Get-of-out-jail-free card for rapists in Caribbean

Two recent cases reported in regional media demonstrate the extent of the injustice which girls who survive sexual assault face.

In the Cayman Islands a judge did not award a custodial sentence for a man who plead guilty to raping a 14-year-old girl because, “he had a wife and two children to support.” This along with the provisions for alternative sentencing, time spent on remand, his difficult childhood and psychological problems were offered up as reasons why a custodial sentence was not ordered.
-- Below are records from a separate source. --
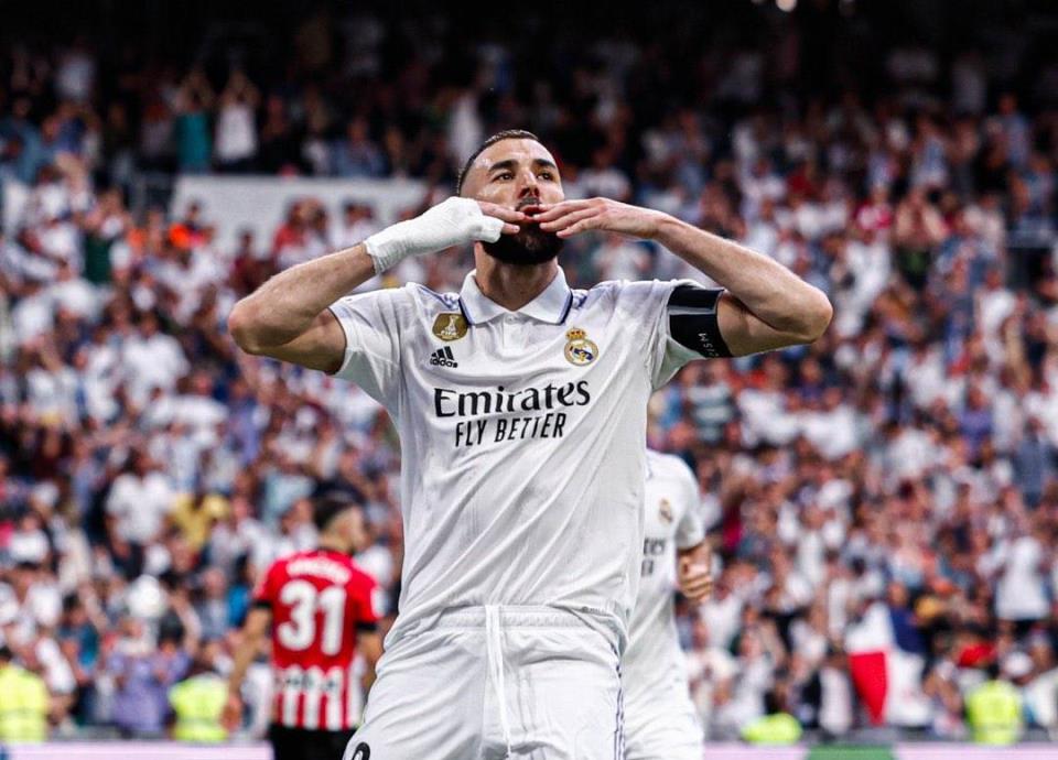 , se despidió el domingo del conjunto merengue y lo hizo anotando un gol.Este conjunto del Real Madrid logró igualar con el cuadro del Athletic de Bilbao y eso fue a un gol en la última jornada de la Liga de España. Pese a iniciar perdiendo el duelo con un tanto de Sancet, después Benzema igualó todo en la segunda mitad.Ese tanto fue realizado por la vía del penal, desde los 11 pasos y en el mítico Santiago Bernabéu.Después de ese gol, Benzema agradeció a la tribuna por el apoyo que tuvo en el club desde mediados del 2009 hasta el final de esta temporada.Tras este resultado, el Real Madrid acabó su temporada en la Liga de España y lo hicieron con 78 puntos, en el segundo lugar.El campeón en la Liga de España terminó siendo el líder Barcelona, quienes tienen 88 unidades.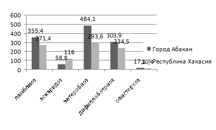 Заболеваемость энтеробиозом в г. Абакане составляет 484,1‰ и превышает среднереспубликанский показатель в 1,6 раза. Показатель лямблиоза составляет 293,6‰ с превышением среднереспубликанских данных в 1,3 раза. Заболеваемость дифиллоботриозом составляет 303,9‰ с превышением средних данных по республике в 1,3 раза. Наименьшие показатели приходятся на паразитозы как аскаридоз (58,8‰) и описторхоз (17,1‰). Превышение среднереспубликанских показателей по описторхозу составило в 1,6. Аскаридоз по анализу данных с показателем 116‰ по РХ в приоритете.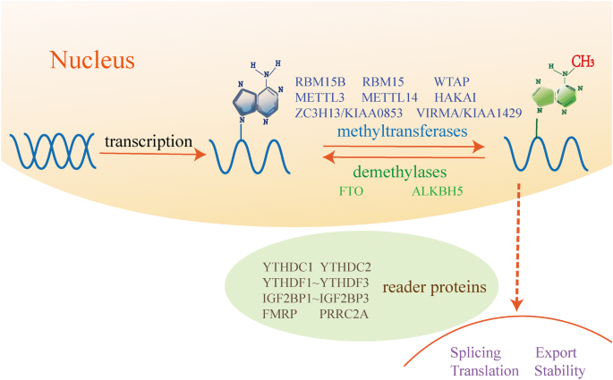 结果解读:m6A修饰是可逆过程——writers以METTL3/14为核心,结合WTAP、VIRMA等辅助因子催化甲基化;erasers(FTO、ALKBH5)通过氧化去甲基化清除修饰;readers(如YTHDF2)识别m6A位点并促进RNA降解。文中图1(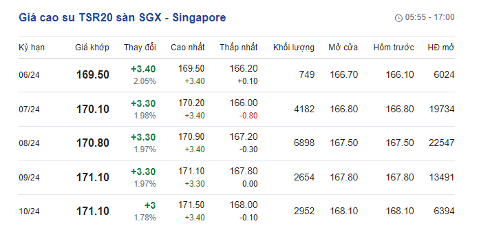 Theo đó, giá cao su giao kỳ hạn tháng 6/2024 tăng mạnh 2,05% lên mức 169,5 US cent/kg so với cuối phiên liền trước. Kỳ hạn giao hàng tháng 7/2024 là 170,10 US cent/kg, tăng 1,98%. Kỳ hạn giao hàng tháng 8/2024 là 170,8 US cent/kg, tăng 1,97%. Kỳ hạn giao hàng tháng 9/2024 là 170.1 US cent/kg tăng 1,97%. Kỳ hạn giao hàng tháng 10/2024 là 171.1 US cent/kg tăng 1,78%.
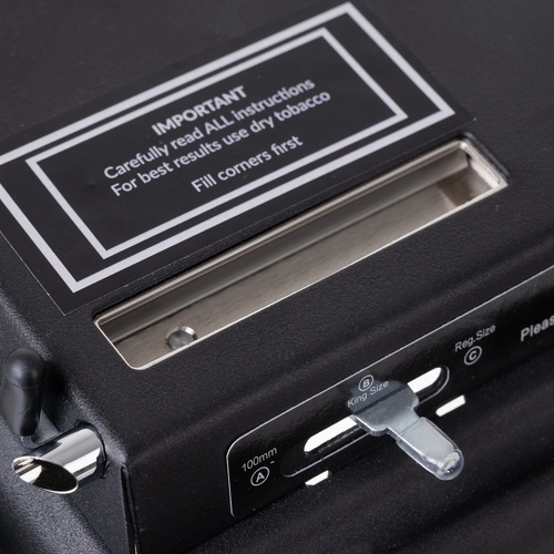 Profiteer van flexibiliteit dankzij de compatibiliteit met drie verschillende hulslengtes, waardoor u eenvoudig aan uw behoeften kunt aanpassen. Deze vulmachine is eenvoudig en intuïtief in gebruik, wat hem ook ideaal maakt voor beginners. Geschikt voor standaard hulzen met een diameter van 8 mm, waardoor hij te gebruiken is met de meest gangbare filters op de markt.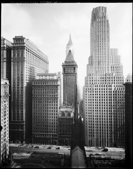 [Trinity Church opposite Wall Street, against Irving Trust Company Building.]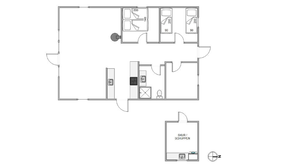 Das Ferienhaus ist gut für Familien gestaltet und bietet mit seinen 2 Schlafzimmern ausreichend Platz und Privatsphäre für bis zu 4 Personen. Der einladende Wohnbereich mit Kaminofen schafft eine warme und behagliche Atmosphäre, in der ihr entspannte Abende verbringen könnt. Die 70 m² Wohnfläche sind optimal genutzt und bieten genügend Raum zum Wohlfühlen.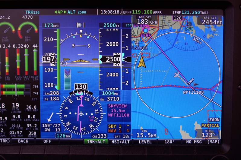 Primární obrazovka těsně před přechodem hranice do Estonska – Finský záliv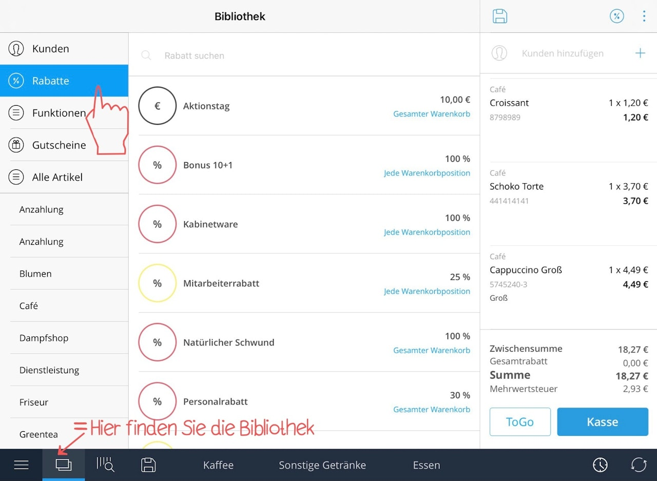 You can also apply discounts when you are in the library view. Tap the library symbol (two rectangles) in the menu bar, which is located at the bottom right next to the menu symbol. Then select the field "Discounts %" in the left column. Here you tap on one of the created discounts or select the desired discount via the field "Search discount". The discount is immediately applied to the entire purchase as soon as you tap it.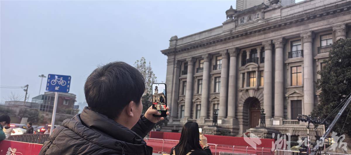 12月30日下午17:30左右,江汉关钟楼前已聚集起小部分人群。

The judge is reported as saying that “the most important thing was to create the circumstance where the defendant would never commit such an offence in the future.” He, however, failed to describe what exactly that would entail. It would certainly be useful to have practical and concrete advice on how we can collectively create the circumstances where no one ever commits sexual assault.  I’m not sure that deflecting responsibility from the persons who do is likely to be of much use.

All in all it seemed like a gross injustice and a suggestion that the rapist’s freedom and his patriarchal responsibilities were more important that the young girl’s life and right to bodily integrity. It really says a lot about our relative valuing of children and adults, girls and men.  Unpacking this decision also reveals the way in which heterosexual sex, even when criminal and coerced, is viewed as normal and inevitable.  Collectively we seem more moved towards safeguarding the future of the rapists than that of girls. We worry more about how an accusation of rape can ruin a man’s life and bury our heads in the sand about what the experience of rape does to a girl’s life. (Read Velika Lawrence’s story in the St. Lucia star. She is co-founder of PROSAF, an organisation which fights against child sexual abuse & incest).

In Antigua, a former principal and lay preacher escaped a custodial sentence after being found guilty of sexually assaulting a 14-year-old girl.  It was reported that the girls mother made a “stirring plea for forgiveness”, saying that she and her daughter had forgiven the sexual predator and he was a family friend.

In addition, the forgiving mother  also used the fact that the former principal was the sole breadwinner of his family to argue for a non-custodial sentence.

In examining why domestic violence complainants vanish from Caribbean courts, anthropologist Mindie Lazarus-Black argues that a culture of reconciliation operates in the Caribbean:

I coined the term cultures of reconciliation to identify local norms and practices separate and apart from law, but that influence profoundly the decisions people make about what to do about violence in their lives. The concept is useful both: 1) as an analytical framework to capture how local ideas and practices coalesce into structural patterns that operate
against the institutionalized forces of law; and 2) as a research tool for cross-cultural investigation and analysis. More specifically, cultures of reconciliation reflect norms and practices intrinsic to “family,” “gender,” and “work” that intersect to keep men and women out of legal processes. Such norms and practices are learned, mostly early in life. (Source: VANISHING COMPLAINANTS: THE PLACE OF VIOLENCE IN FAMILY, GENDER, WORK, AND LAW).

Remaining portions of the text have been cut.